A member also may engage in hedging and other positioning activity that could affect the market for the security that is the subject of the customer order provided that the member has received the customer's affirmative written consent prior to receipt and/or execution of the order. If the member obtains the customer's consent, the member must still refrain from any conduct that could disadvantage or harm the execution of the customer's order or place the member's financial interests ahead of those of its customer.
.05 Facilitation on a Riskless Principal Basis of Customer Order. The prohibition in Rule 5270 shall not apply to transactions that are executed to facilitate the execution, on a riskless principal basis, of a customer's block order. A member that relies on this exception must give the customer's order the same per-share price at which the member accumulated or sold shares to satisfy the customer's order, exclusive of any markup or markdown, commission equivalent or other fee.

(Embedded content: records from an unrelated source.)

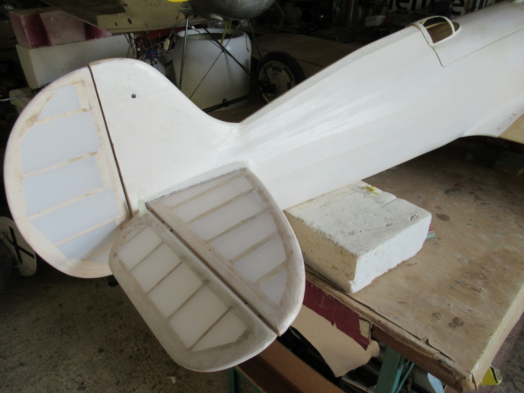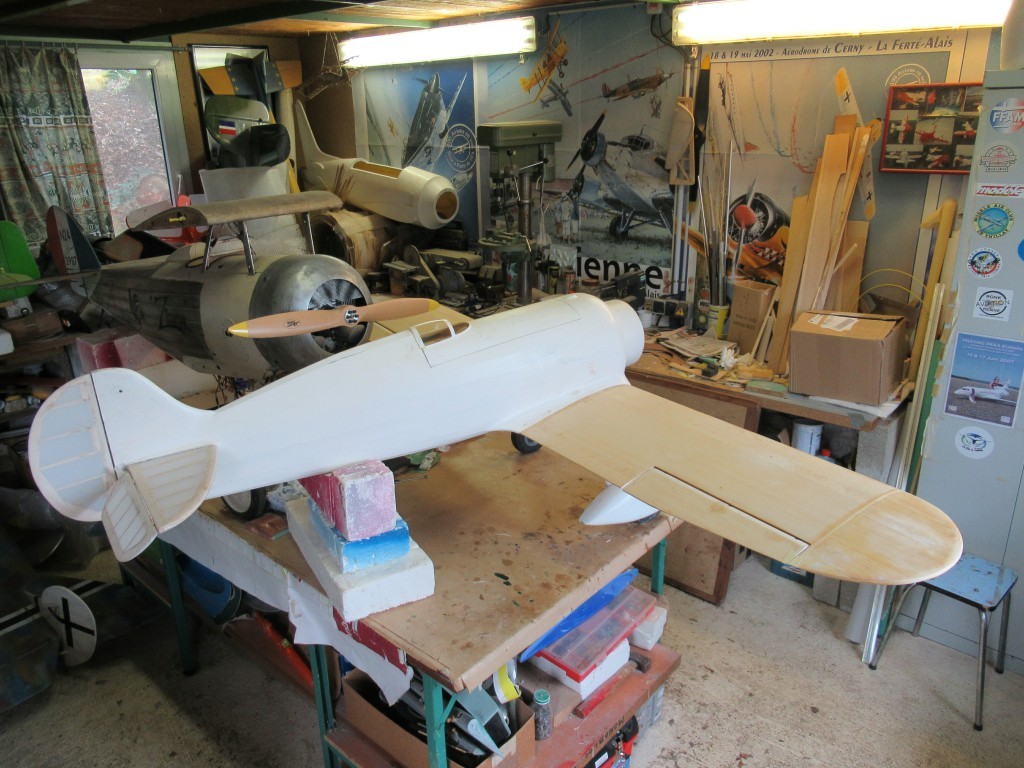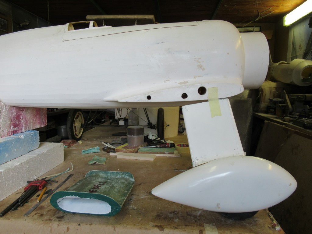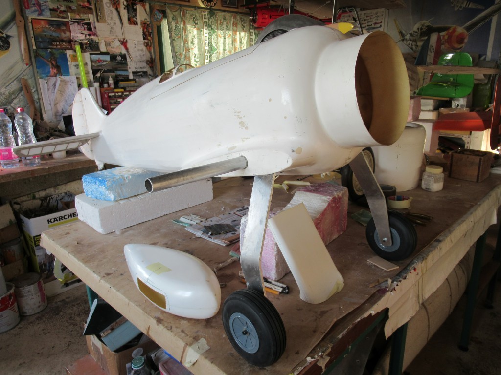 les principaux éléments déja fabriqués sont : le fuselage et capot moteur en fibre époxy sortie d'un moule perso , le stabilisateur et la dérive en structure,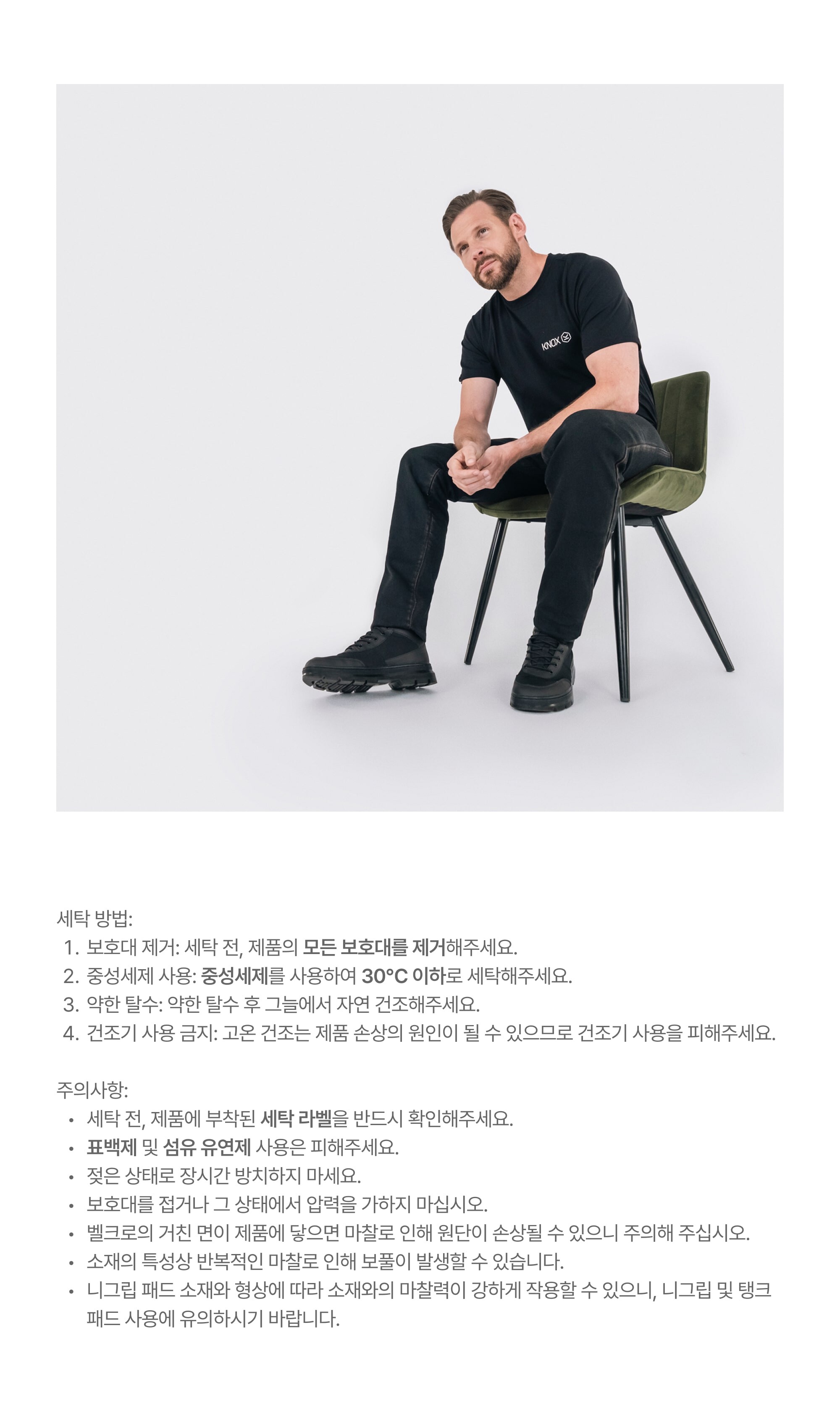 - 보호대의 밀착과 착용감이 좋지만 보호대 포켓의 홀이 좁은 편이므로 넣고 뺄 때 각별한 주의가 필요합니다.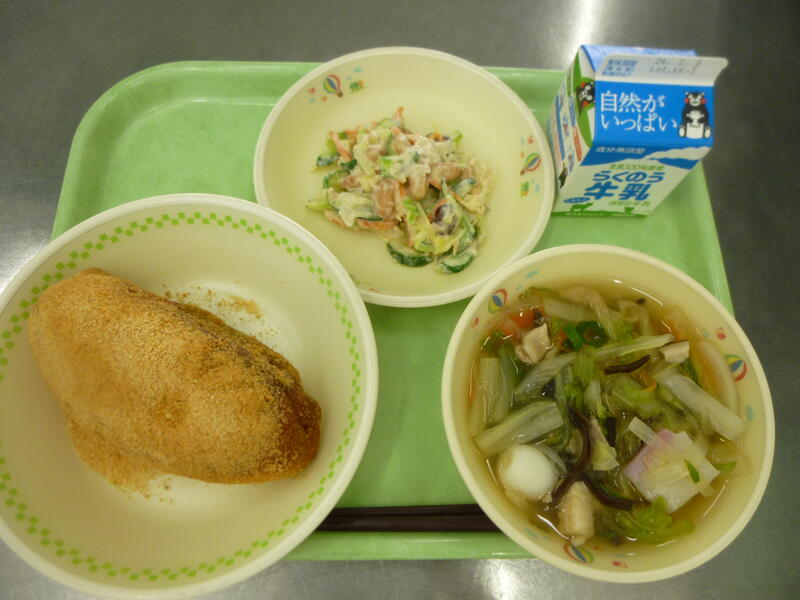 今日は阿蘇高菜漬けを使った手作りふりかけです。高菜とちりめんとゴマがたっぷり使って、ご飯のおともにぴったりです。今週は「給食王決定戦」があり、挨拶や爪の長さ、身支度などをチェックしましたが、しっかり気をつけている様子がみえました。来週以降もしっかり気をつけましょう。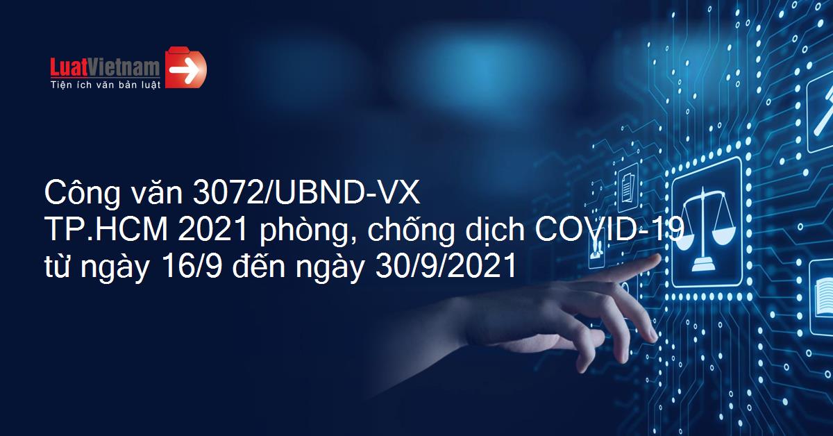 | ỦY BAN NHÂN DÂN THÀNH PHỐ HỒ CHÍ MINH _________ Số: 3072/UBND-VX Về thực hiện các biện pháp phòng, chống dịch COVID-19 trên địa bàn Thành phố từ ngày 16 tháng 9 đến ngày 30 tháng 9 năm 2021 | CỘNG HÒA XÃ HỘI CHỦ NGHĨA VIỆT NAM Độc lập - Tự do - Hạnh phúc _______________________ Thành phố Hồ Chí Minh, ngày 15 tháng 9 năm 2021 |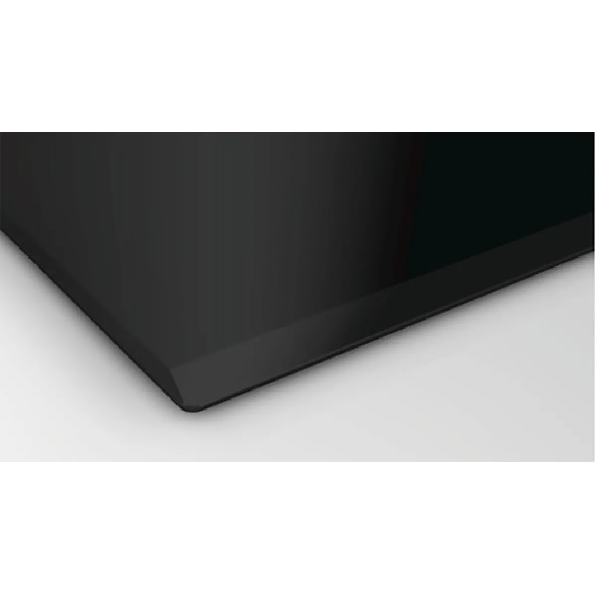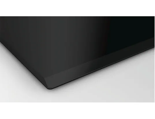 Cette table de 60 cm propose 4 foyers, dont 2 zones flexInduction Plus pouvant fusionner pour accueillir des récipients variés. Configurations disponibles : 1 zone 380 mm x 225 mm à 3,3 kW (PowerBoost 3,7 kW) ou 2 zones Ø 190 mm à 2,2 kW (PowerBoost 3,7 kW), plus une zone Ø 225 mm à 2,2 kW (PowerBoost 3,7 kW) et une zone Ø 190 mm à 2,2 kW (PowerBoost 3,7 kW). La puissance totale atteint 7 400 W. La surface vitrocéramique noire est plane, résistante et simple à entretenir, avec touche nettoyage qui bloque le bandeau 20 secondes en cas de débordement.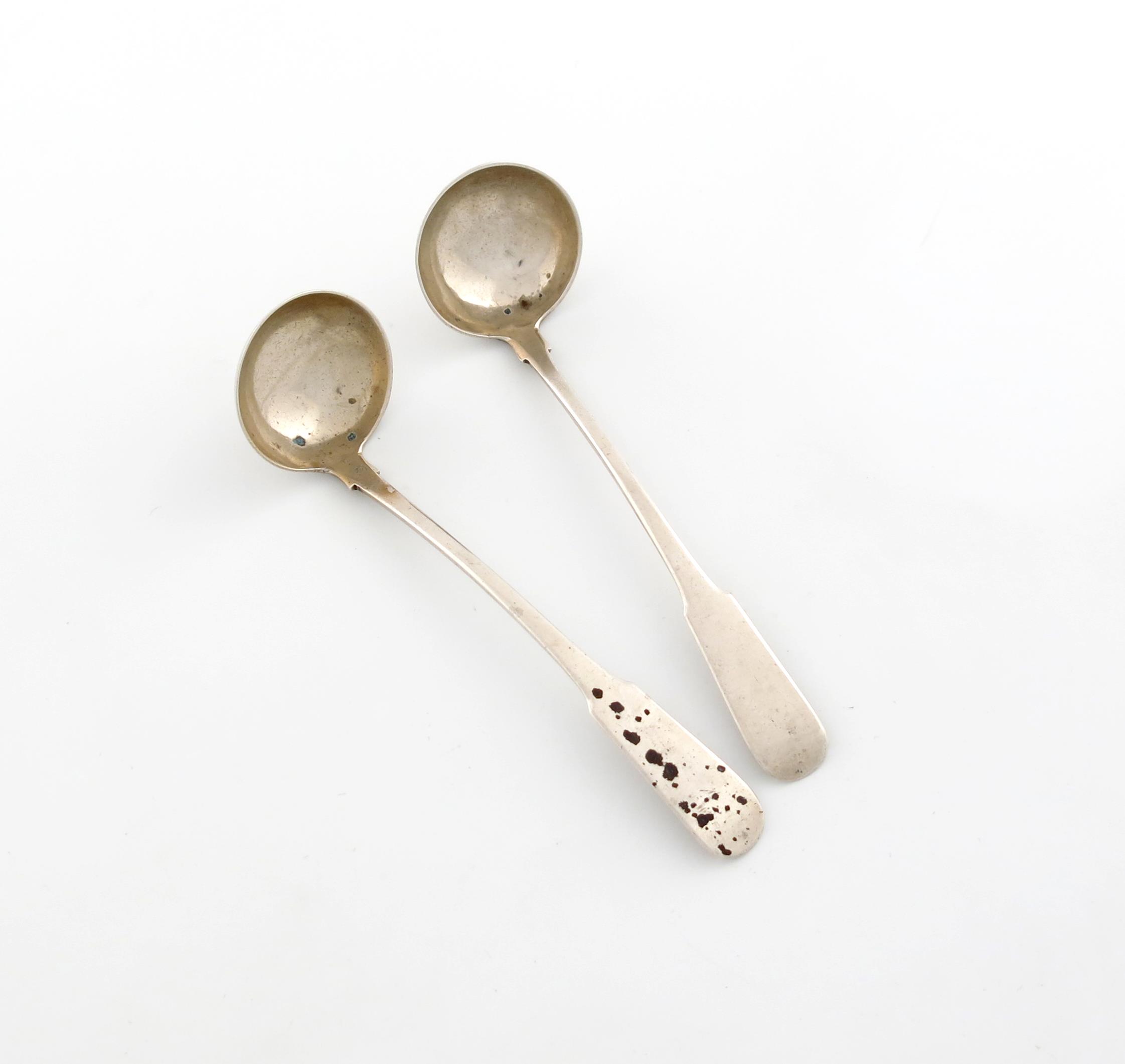 A pair of early 19th century Scottish provincial silver Fiddle pattern toddy ladles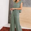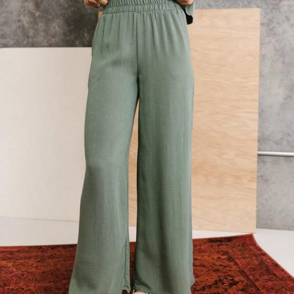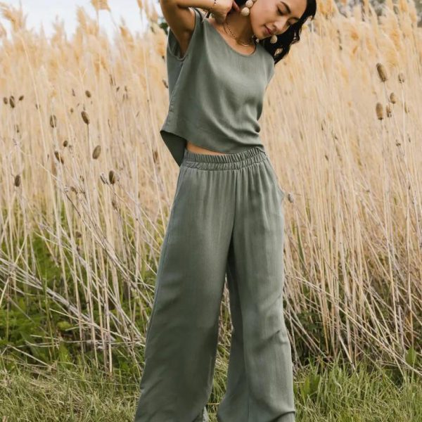 Elastic Waist Two Hand Pockets Wide Leg Non-Stretch Material Slightly See Through 95% Rayon, 5% Nylon Machine Wash Cold, Flat Dry Matching Pieces Sold Separately Introducing the Maren Pants in Sage. These pants are ready to take on any adventure with you from boardwalk strolls to mid morning brunches. Style it with its matching top or mix it up with a graphic tee. Model Info Height: 5’7″ Wearing Size: Small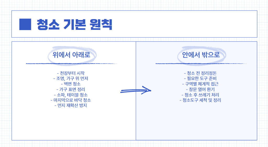 청소할 때 무작정 시작하면 먼지가 다시 쌓이기 마련이에요. 기본 원칙을 지키면서 청소해야 효과적이에요. 👌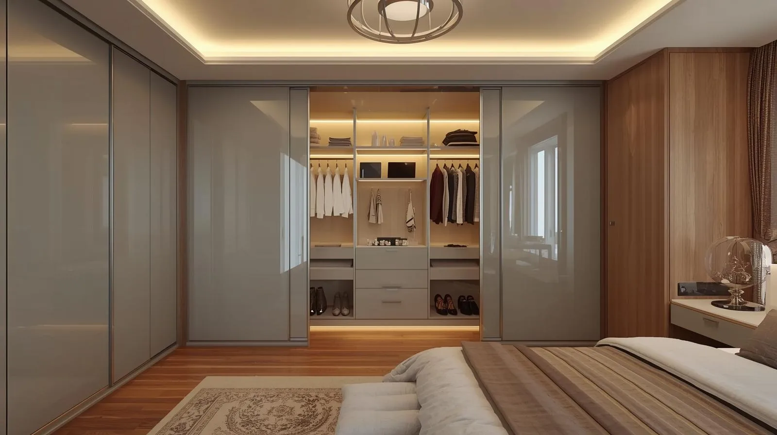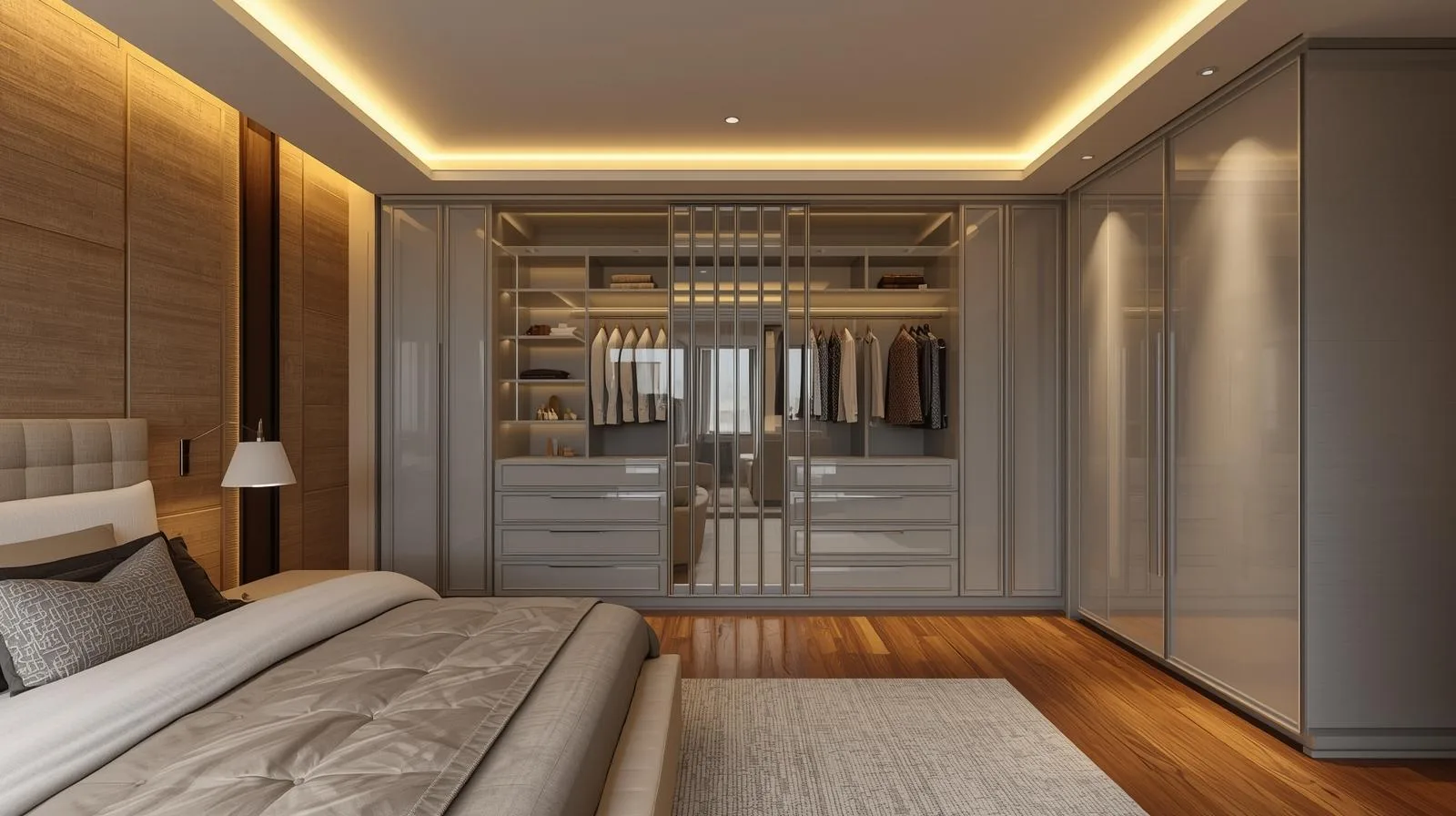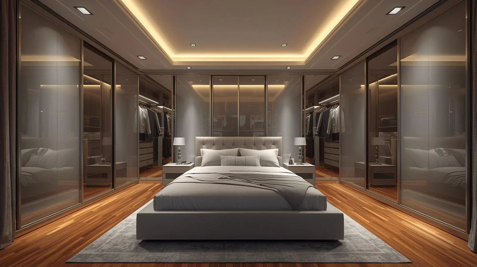 Cao cấp: tủ áo kính kết hợp kim loại, đèn LED viền, cửa trượt tự động.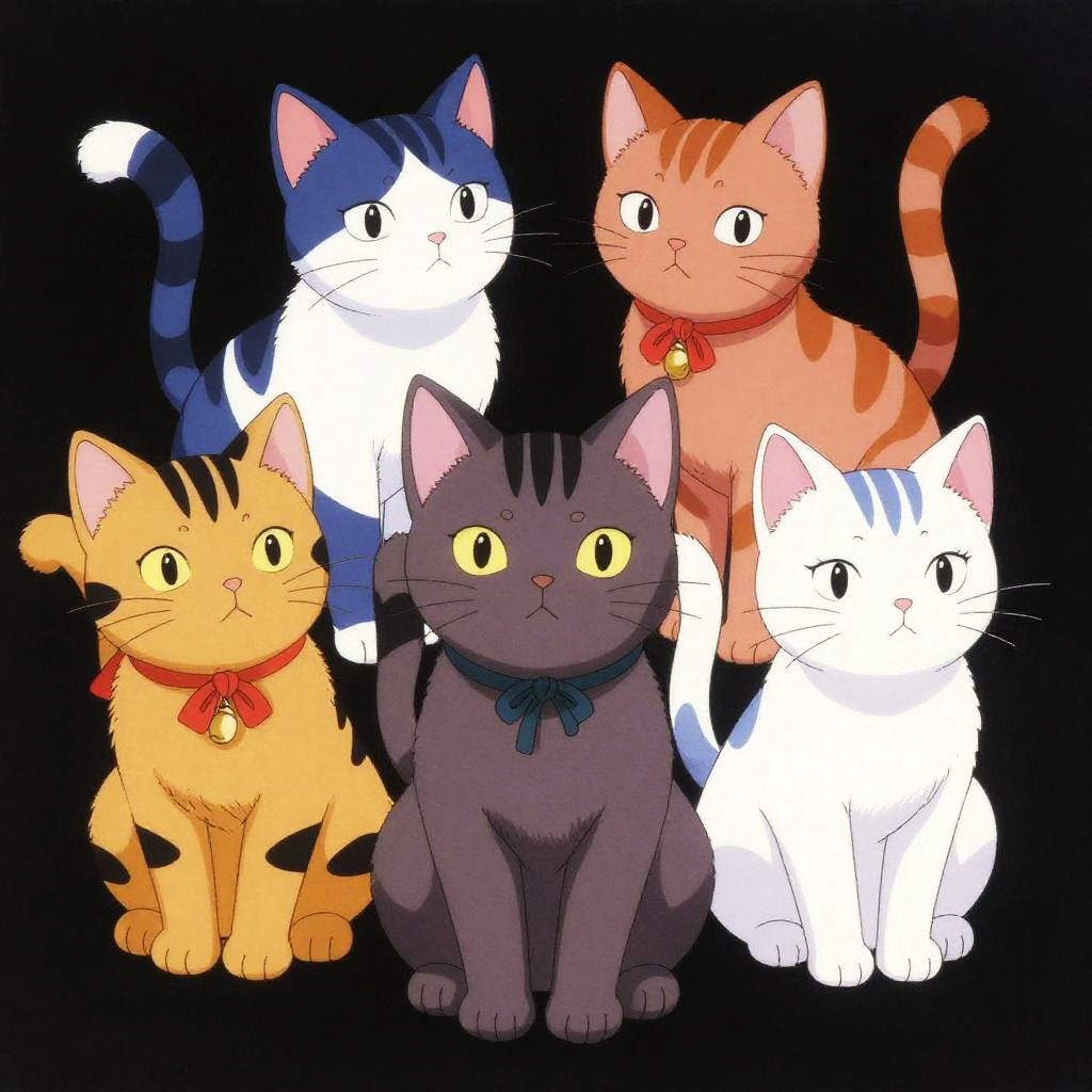 Vibrant colored samurai cats, in an Anscochrome analog film style, cinematic and retro, grainy texture, dynamic composition, art by Yoshitaka Amano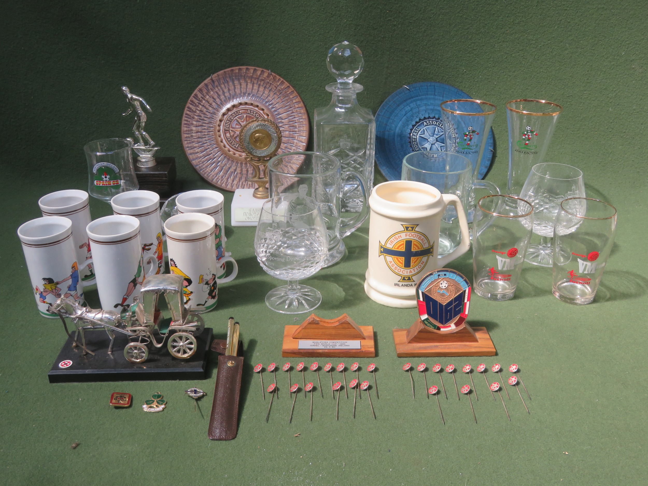 Mixed lot of various football related items including ceramics, tiepins, glass, trophies etc, some relating to football associations including England, Ireland, Malta etc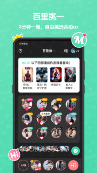 【百里挑一】3分钟一局,12位男生与12位女生同场在线匹配,基于共同三观和爱好等选择匹配后自由挑选cp对象。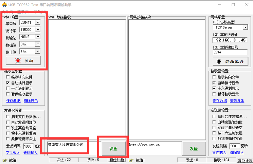 4、重启后,在串口发送区发送数据,此时在服务器上可以接收到串口发送的数据,如图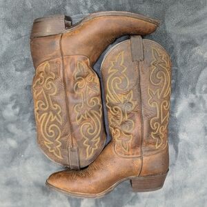 Justin 2253 Classic Cowboy Western Pull On Brown Leather Men’s Boots Size 9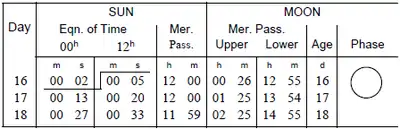 Solution: See Figure 2008 in Chapter 20, the Nautical Almanac’s right hand daily page for June 16, 1994. The equation of time is listed in the bottom right hand corner of the page. There are two ways to solve the problem, depending on the accuracy required for the value of meridian passage. The time of the Sun at meridian passage is given to the nearest minute in the “Mer. Pass.”column. For June 16, 1994, this value is 1201.

.06 Front Running of Non-Block Transactions. Although the prohibitions in Rule 5270 are limited to imminent block transactions, the front running of other types of orders that place the financial interests of the member or persons associated with a member ahead of those of its customer or the misuse of knowledge of an imminent customer order may violate other FINRA rules, including Rule 2010, or provisions of the federal securities laws.

1 The draft text is marked to show changes between IM-2110-3 and Proposed FINRA Rule 5270.